Since I have a custom JSONConverter, I have to manually check the presence of $ref in the JSON text and call my ReferenceResolver to find the pointed object.

What I am trying to achieve now is to postpone the resolution of certain missing references. Let say we have the file json1.json which have a reference to json2.json file into it, but we didn't deserialize json2.json yet. So a missing reference entry has to be tracked in order to be fixed later.

Here is a small snippet about the handling of missing references.
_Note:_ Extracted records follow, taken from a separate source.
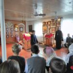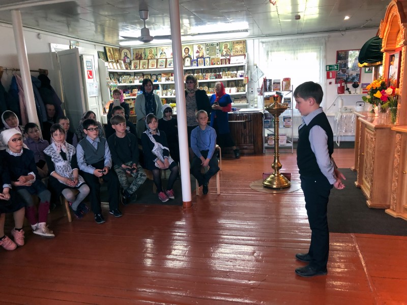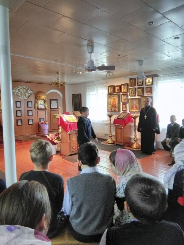 Настоятель прихода протоирей Алексей Лебедев показал и рассказал ребятам о Церкви, о значении культурного наследия Отечества. Ученики готовились заранее и на встрече выступили с замечательным чтением стихов о православной вере.
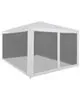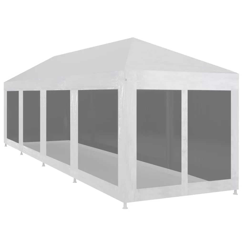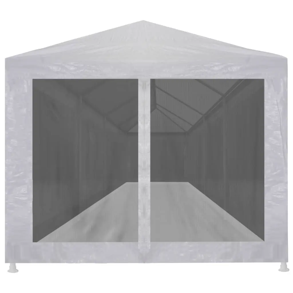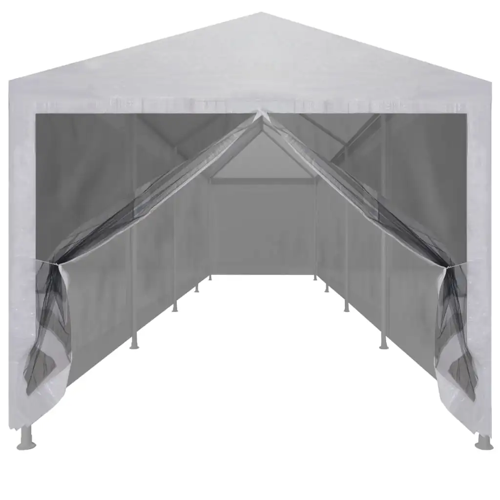 Fabricat din oțel foarte rezistent, vopsit electrostatic, acest cort pentru petrecere este extrem de durabil. Acoperișul este fabricat din polietilenă de calitate superioară, ceea ce îl face rezistent la apă și UV. Cortul are zece pereți laterali din plasă, care vă protejează de insectele nesuferite. Doi dintre pereții laterali sunt prevăzuți cu intrare cu fermoar pentru acces ușor. Cortul este ușor de instalat cu accesoriile de montare incluse.
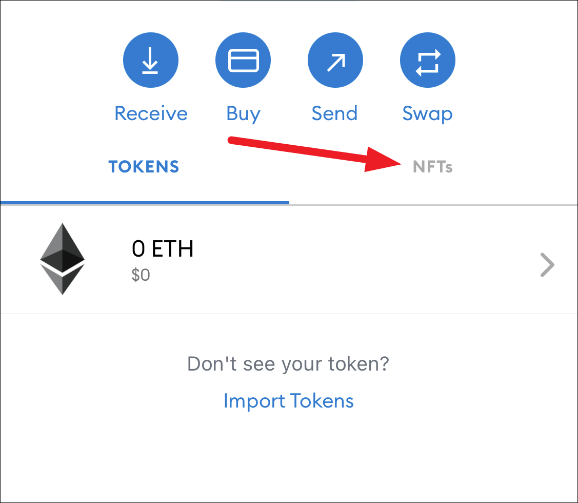 You can view your NFTs here. To add an NFT, scroll down and tap the option for ‘Import NFTs’.
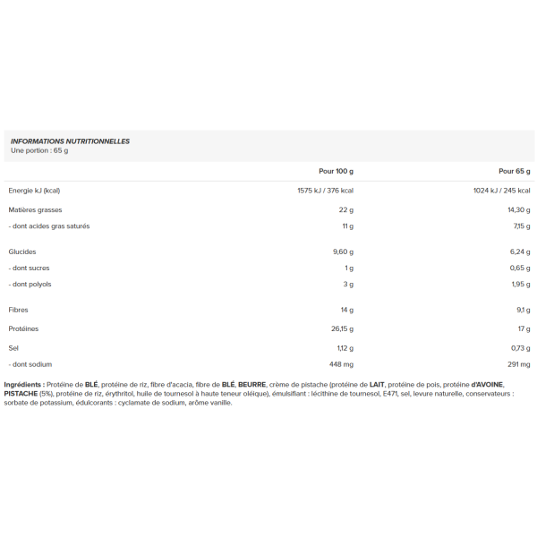 Ingredienti : Proteine del GRANO, proteine del riso, fibra di acacia, fibra di GRANO, BURRO, crema di pistacchio (proteine del LATTE, proteine del pisello, proteine dell'AVENA, PISTACCHI (5%), proteine del riso, eritritolo, olio di girasole alto oleico), emulsionante: lecitina di girasole, E471, sale, lievito naturale, conservanti: sorbato di potassio, edulcoranti: ciclamato di sodio, aroma di vaniglia.
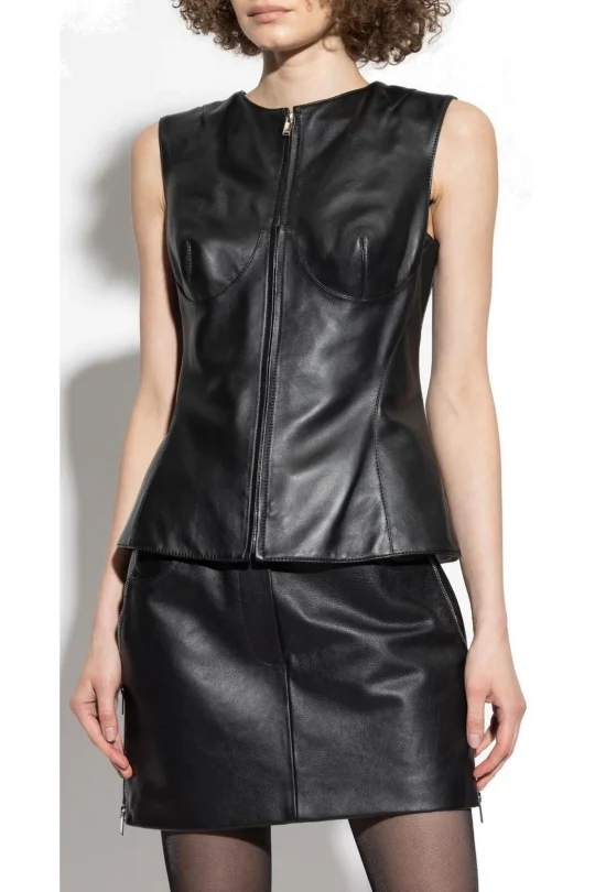 This is the most directional leather piece of the summer, and for good reason. A fitted leather vest worn as a standalone top, tucked into wide-leg trousers, or left loose over a micro skirt, is luxuriously minimal in a way that few other garments can manage.

public override MyObject? ReadJson(JsonReader reader, Type objectType, MyObject? existingValue, bool hasExistingValue, Newtonsoft.Json.JsonSerializer serializer)
{
    switch (reader.TokenType)
    {
         case JsonToken.StartObject:
         {
              var jsonObj = JObject.Load(reader);
              if (jsonObj.ContainsKey("$ref"))
              {
                   var id = (string)jsonObj["$ref"]!;
                   var ret = serializer.ReferenceResolver!.ResolveReference(serializer, id) as MyObject;;
                   if (ret == null)
                   {
                        // unresolved reference
                        var missingObjectId = Guid.Parse(id); // <-- GUID to track
                        var memberPath = reader.Path;         // <-- Current object property path to track
                        var currentObject = ???;              // <-- Object with missing reference to track
                        StoreMissingReference(currentObject, memberPath, missinObjectId);
                   }
                   return ret;
              }
              return jsonObj.ToObject(objectType, serializer) as MyObject;
         }
    }

}

The problem here is to access the currently populated object. What I can see in the call stack is the IValueProvider has a reference of the targetObject to set the value on it. But I am not sure what is the best approach with IValueProvider. Create one from scratch and assign it inside the ContractResolver?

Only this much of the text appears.